Udało się też wychwycić anachronizmy. Przykładem jest użycie określenia „Rosja”, gdzie miał uciekać w 1026 r. norweski król Olaf II Święty10. Przecież wtedy o Rosji nie może być mowy, ale o Rusi, to jak najbardziej. Identycznym anachronizmem posiłkowano się w przypadku „rosyjskich rzek”, którymi w X w. podróżowali skandynawscy wikingowie11.

Są też drobne nieścisłości merytoryczne. Autorka niejednokrotnie wypowiadając się na temat rzymskiego historyka Tacyta, podawała, że był to uczony w piśmie z I w. n.e.12. Jest to tylko po części prawda, ponieważ zmarł on najprawdopodobniej w 112 r. n.e., a więc w II w. n.e.

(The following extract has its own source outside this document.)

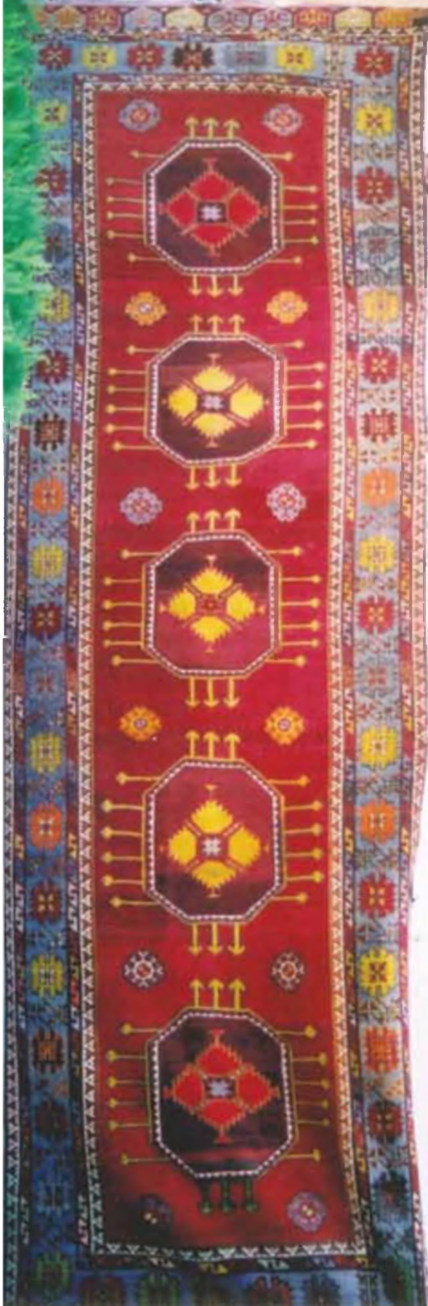
Foto 14. Lâdik Köy Halıları, Lâdik 2003.

Według R. Gianaddy najbardziej ceniony bursztyn pochodził z terenów dzisiejszej Danii13, tymczasem jak dowodzą wyniki badań, miano to nosił Półwysep Sambijski, z którego pochodził najcenniejszy kruszec, nazywany złotem północy14. Przesłanki jakimi kierował się Juliusz Cezar, opisując panteon bóstw galijskich, zastępując ich imiona, imionami bogów rzymskich, według Autorki miały być sposobem na ukazanie elicie rzymskiej, że Celtowie nie byli barbarzyńcami15. Tymczasem istnieje niemniej wiarygodna koncepcja, która powiada, iż Cezar zupełnie nie znał imion celtyckich bóstw i zastosował najprostsze rozwiązanie, zastępując ich sobie doskonale znanymi, rodzimymi bogami.

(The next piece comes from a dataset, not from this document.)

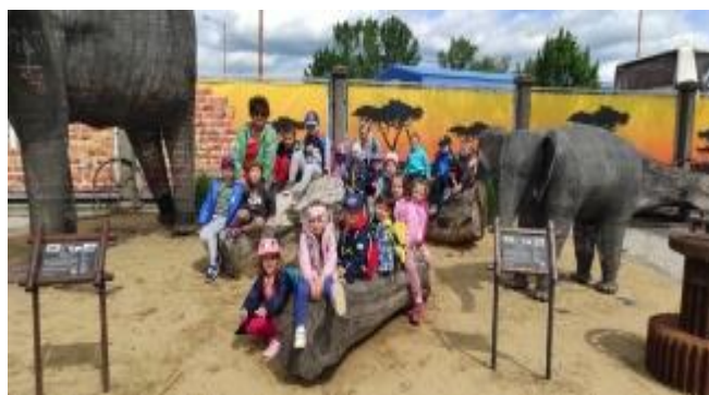
Exkurze do KOVOZOO- EVVO výuka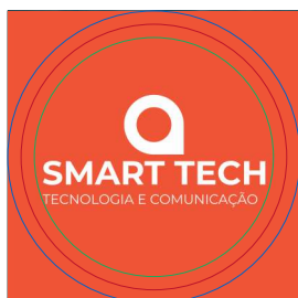
PAG 1: FRENTE

Nieporozumieniem okazała się analiza rzymskich wojen przeciwko Celtom i wykorzystaniem do tego słynnej Kolumny Trajana, gdzie przecież ukazano wojny przeciwko Dakom16. Nie jest przekonująca do końca teza, jakoby w słynnym sanktuarium na południu dzisiejszej Francji, Entremont, kultywowano heroiczne postaci ze świata celtyckiego17. Wszak miejsce to doskonale znane jest z tego, iż celebrowano misteria na cześć ściętych głów. W ogóle marginalizuje się tutaj ten problem, a żeby było tego mało, odrzuca się przyjętą w nauce koncepcję, jakoby miejsce to przypisywano celto-liguryjskiemu plenieniu Salluwiów, i podając informację, iż rzekomo w nauce ten pogląd się odrzuca18. Kto zanegował, gdzie opublikował, nie podano w zupełności, a nawet nie postarano się o wyjaśnienie tego problemu i podania alternatywnego pomysłu.

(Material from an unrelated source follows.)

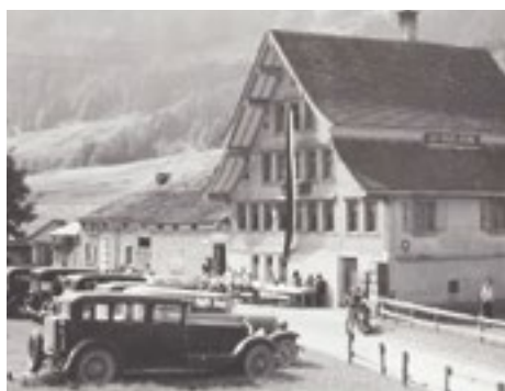
■ Mit dem Automobil ins Grüne: Das Gasthaus Krone in Brülisau AI in den späten 1930er-Jahren. Ein Vierteljahrhundert später entsteht in der Nähe die Talstation der Luftseilbahn zum Hohen Kasten.

Zdaniem R. Gianaddy charakterystyczne naszyjniki zwane torquesami w celtyckim kręgu kulturowym identyfikowane były tylko z bóstwami i postaciami heroicznymi19. Tymczasem w jednym z podrozdziałów Autorka opisywała garnitur odnalezionych przedmiotów w pochówku kobiety, przy której odkryto ów naszyjnik. Był to „zwykły„ pochówek. Nie neguje się wysokiego znaczenia, wręcz boskiego, tej ozdoby, ale wcale nie można odrzucić w sposób jednoznaczny poglądu, że był zarezerwowany dla osób o wysokim statucie społecznym. Na stronie 178 Autorka podejmuje się tematu chrystianizacji Skandynawii. Podaje informacje, że Harald Sinozęby przyjął chrzest w 955 r. Tymczasem w umieszczonym przy końcu książki kalendarium, wydarzenie to umieszczono pod rokiem 956. Naturalnie, w nauce góruje pogląd, że datę chrztu Danii określa się na „około 955„, tudzież „około 956”, R, Gianaddy powinna podawać zapis ”955/956 r.”. To drobnostka, ale rzutująca na odbiór uważnie zapoznającego się z książką czytelnika – nie tylko recenzenta.

I na koniec słowo krytyki strony technicznej leksykonu, zarówno pod względem edytorskim jak i podziału. Wspominano już, że książka posiada miękkie oprawy ze skrzydełkami oraz solidne szycie, a także papier kredowy. To niezłe rozwiązanie, ale nie do końca. Otóż po długim użytkowaniu pozycji, jej brzeg ulega bardzo widocznej deformacji, co ostatecznie nie nadaje książce mocnego charakteru wizualnego. A przecież na półce ta część będzie najbardziej widoczna. Rozczarowują poszczególne części aneksu. Przede wszystkim dostępne dwie mapy konturowe, które na pierwszy rzut oka wyglądają schludnie, niestety, symbolami liter alfabetu oznaczono europejskie rzeki. To bardzo niekomfortowe rozwiązanie. Następnie spis muzeów, który, w porównaniu z rzeczywistym występowaniem informacji o muzeach, jest niewiarygodnie skąpy. Wydawcy umieścili tylko te muzea, których zabytki w szczególności zostały wykorzystane i przedstawione w książce. Lepszym rozwiązaniem byłoby wpisanie wszystkich ośrodków, tym bardziej, że dodane są o nich podstawowe informacje, a także linki do stron „www„. Bardzo rozczarowuje indeks, który określono mianem ”ogólnym”. Bibliografia zawarta w spisie na końcu podzielona została na trzy części, zgodnie z nacjami, do których nawiązuje tematyka leksykonu. Tu nie ma uwag. Szkoda jednak, że w polskim wydaniu nie znalazły miejsca źródła historyczne, które tak obficie wykorzystano w treści. Rozwiązanie to wydałoby się rozsądnym, choćby z tej przyczyny, że podawano polskie przekłady tychże.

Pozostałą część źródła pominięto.